## Stored data:
..........
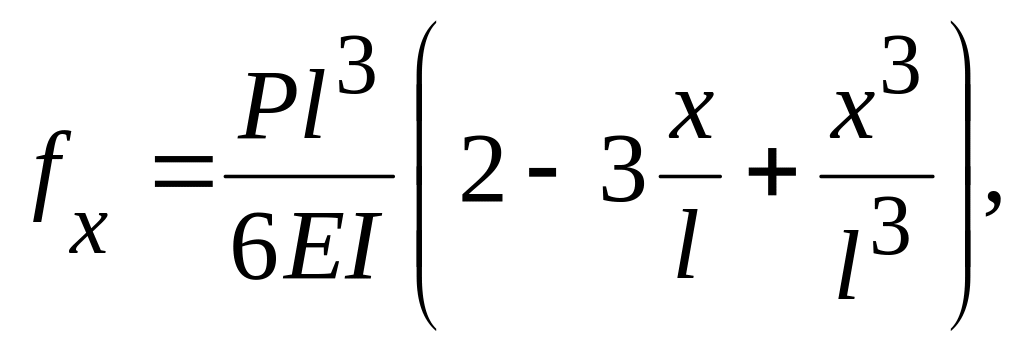 Під дією складової Рz (або Рх) сили різання консольна частина різця прогинається. Величина прогину на відстані х від вершини різця може бути визначена за рівнянням:
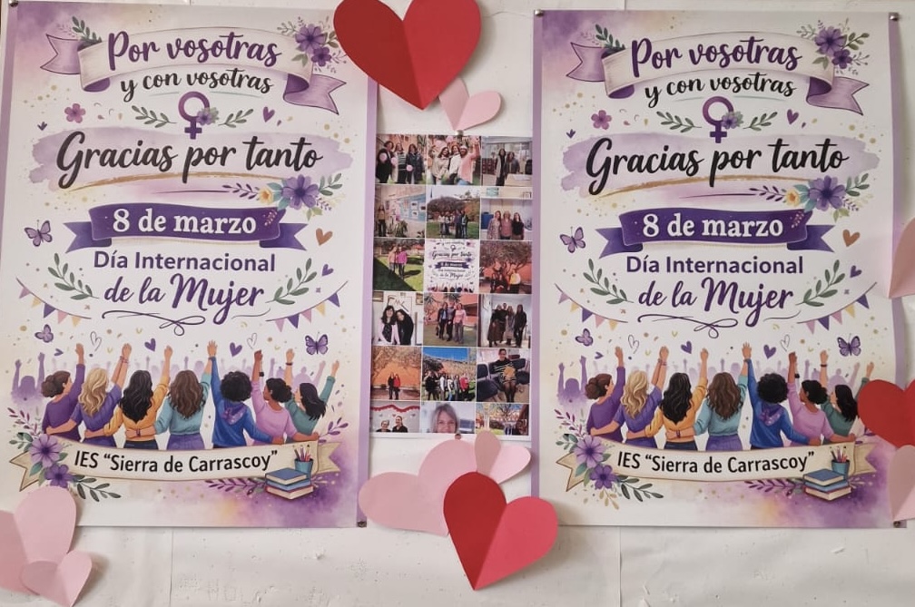 Por un lado, en el vestíbulo del instituto se muestra la exposición fotográfica «Por vosotras y con vosotras». Se trata de una serie de imágenes en las que las trabajadoras del centro, tanto del personal de administración y servicios como docentes, conmemoran esta efeméride. Esta galería de imágenes estará expuesta todo el mes de marzo.
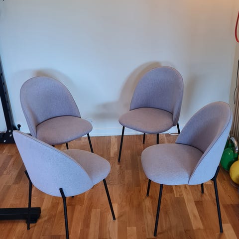 IKEA stol med sete og rygg i grått stoff og ramme i metall. Stolen har en enkel og funksjonell design som passer til ulike typer bord og rom. Stolene selges samlet. MÅ HENTES! :) selger også spisebord (se egen annonse). Samlet pris for bord og stoler er 2000kr.
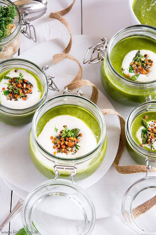 Grünes Spargelsüppchen mit Linsentopping von den [Foodistas]
..........
## What the task asks:
Please restate word for word each line from the one containing "IKEA stol med" to the end of the data above, without the pictures.

## Response to the exercise:
 IKEA stol med sete og rygg i grått stoff og ramme i metall. Stolen har en enkel og funksjonell design som passer til ulike typer bord og rom. Stolene selges samlet. MÅ HENTES! :) selger også spisebord (se egen annonse). Samlet pris for bord og stoler er 2000kr.
 Grünes Spargelsüppchen mit Linsentopping von den [Foodistas]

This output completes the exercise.